Once Kripke realized that brothers were the key to his story, he was off, determined to deliver something truly scary. "At the time, The Ring and The Grudge were huge hits in theaters," Kripke recalls to EW. "We said, 'We're going to take that experience and we're going to put it on TV,' and the initial goal was to be scary." But Kripke's first draft, which he's called "uptight," might've taken that goal a bit too seriously.

"There's a very particular tone to those movies. They're quite serious, and that was what we sold," says Kripke. "I was a young writer, I'd had a couple failed shots, and I really felt the weight of: This is my chance. So I was very consumed by it, which isn't always healthy, and in this case it wasn't. So I thought and rethought and pored over every detail and tried to make it as absolutely scary as I could and did not have a particularly breezy sense of humor in it. It was just all very heavy and probably, looking back, just needlessly complicated."

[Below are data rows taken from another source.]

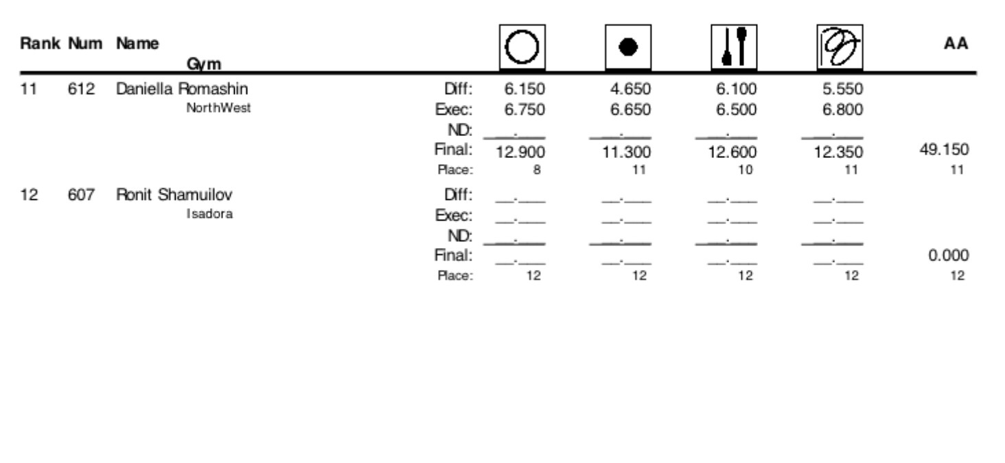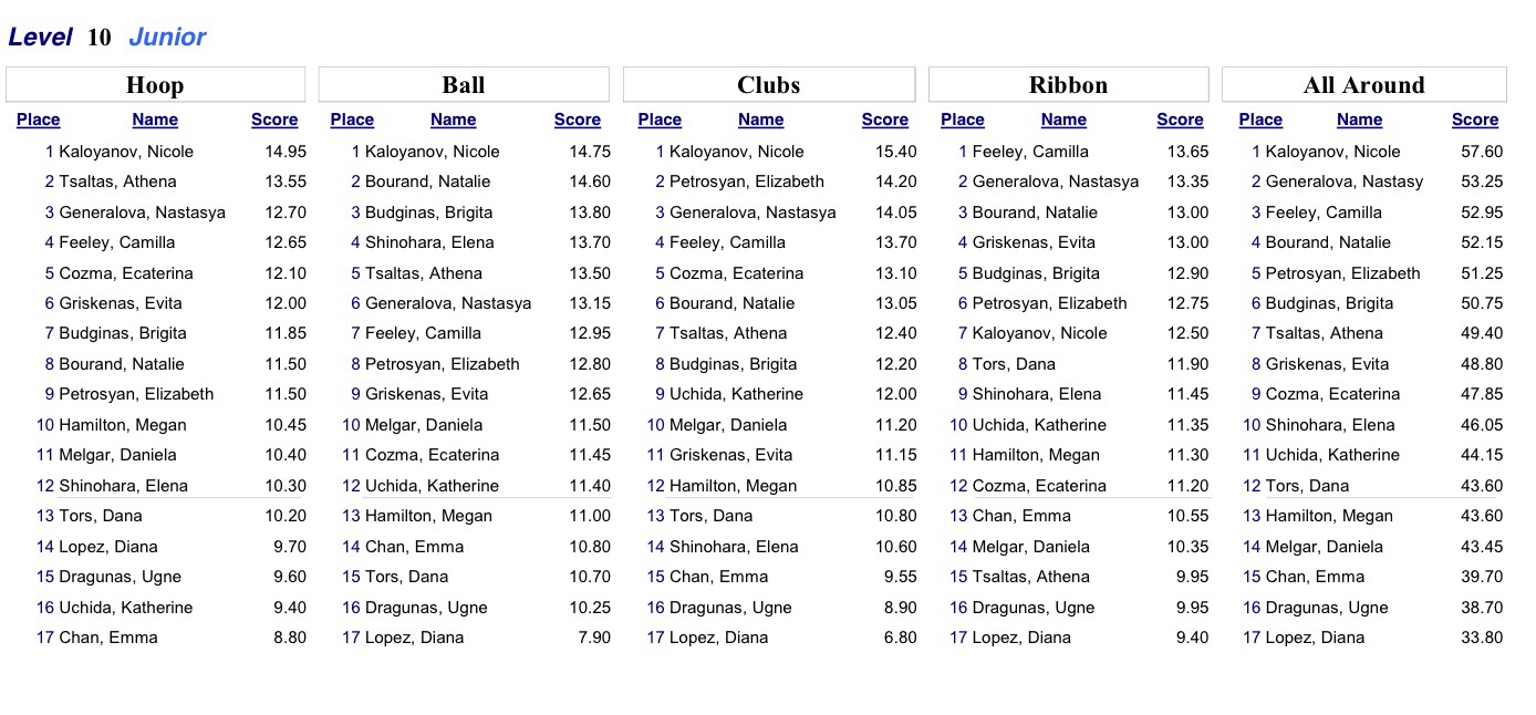 The Senior All-Around winner was Rebecca Sereda, followed by Aliya Protto and Jazzy Kerber. Cindy Lu of Isadora/Staten Island, N.Y., was fourth, and Serena Lu finished fifth in the all-around.
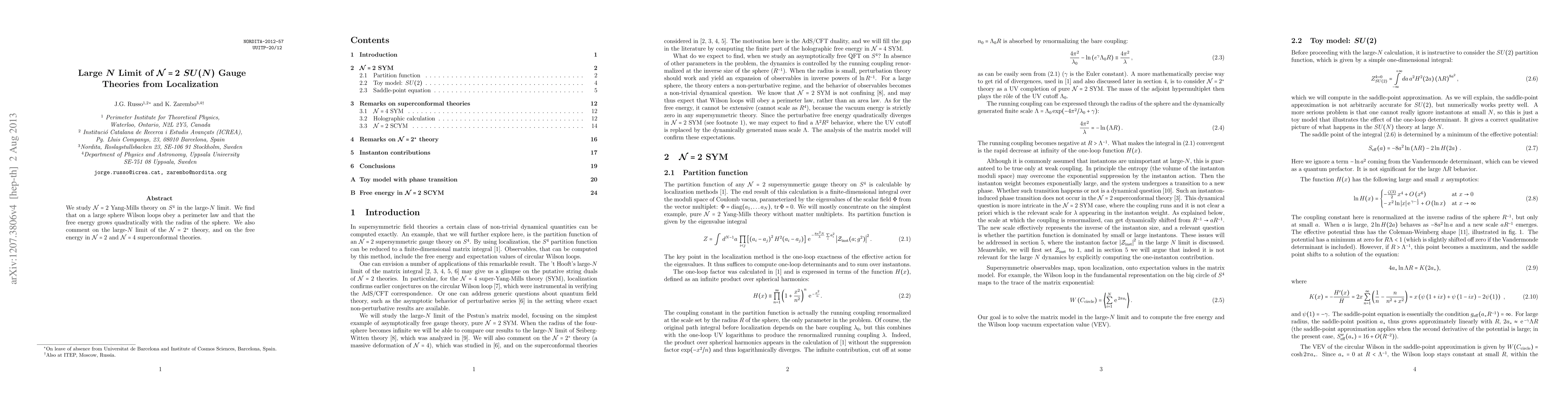 This paper investigates N=2 Yang-Mills theory on S^4 in the large-N limit, revealing that Wilson loops follow a perimeter law and that the free energy scales quadratically with the sphere's radius. It also discusses the implications for the large-N limit of N=2* theory and compares free energies across N=2 and N=4 superconformal theories.
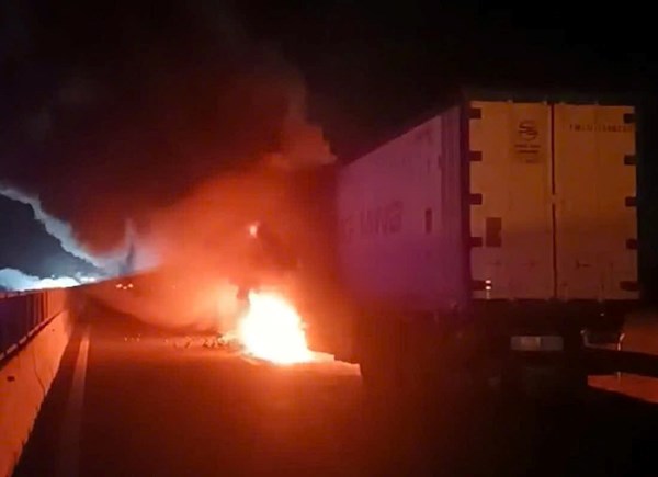VOVVN - VOV.VN - Sáng 9/10, lực lượng chức năng khám nghiệm hiện trường, điều tra làm rõ nguyên nhân vụ cháy xe container trên cao tốc Vĩnh Hảo - Phan Thiết. Xe cứu hộ được điều...

Some of that complication came from Sam (Jared Padalecki) and Dean's (Jensen Ackles) story. Originally, Dean was the only brother who knew about monsters growing up, bringing Sam up to speed later in life. "Dean was always the troubled kid who went out and found and is now bringing Sam back in it," says Kripke. "[It was] so stupidly complicated, and it was all super-dull. So then I turned it in and at the time I was like, 'Nailed it!'"

Kripke got the call from Warner Bros. right after Thanksgiving: They weren't taking the pilot to the network. They gave Kripke the option of trying again or parting ways. But like the characters he created, Kripke was going to go down swinging. He canceled all his Christmas plans and, after spending months on the first draft of his story, wrote the second draft in three weeks. "That was when the show got its sense of humor, because I was locked alone, over winter break, in my office," he says. "I couldn't do anything fun, so I started entertaining myself."

That's when it all came together. "To me, the moment when the show locked into place was the notion of, 'Oh wait, both guys grew up in this world and this is just the world they know,'" Kripke says. "The minute that happened, the show snapped into focus because then they have long histories with their father, they have long histories with each other, but most importantly it was this idea that they viewed the supernatural as blue-collar exterminators. That was a really important difference because they just viewed it as another pain-in-the-ass job they had to do. Because then they could be funny because it was something they had seen their whole lives, they didn't have to go mad with horror every time they saw a ghost, which is what the old draft was. Like, every time Sam saw a ghost he was like, 'What the f---?!' They could still be scared and there could still be tension because their lives were on the line, but it didn't blow their minds every time they saw it, and that gave Dean more room to make a smart-ass comment and it made room for Sam to have a dry response. That to me was like, 'Oh, now I understand who these guys are and how to balance the humor and the horror.'"

Fifteen years later, Dean's made more smart-ass comments than we can count as the brothers have gone up against every scary thing you can think of, plus a few we guarantee you can't.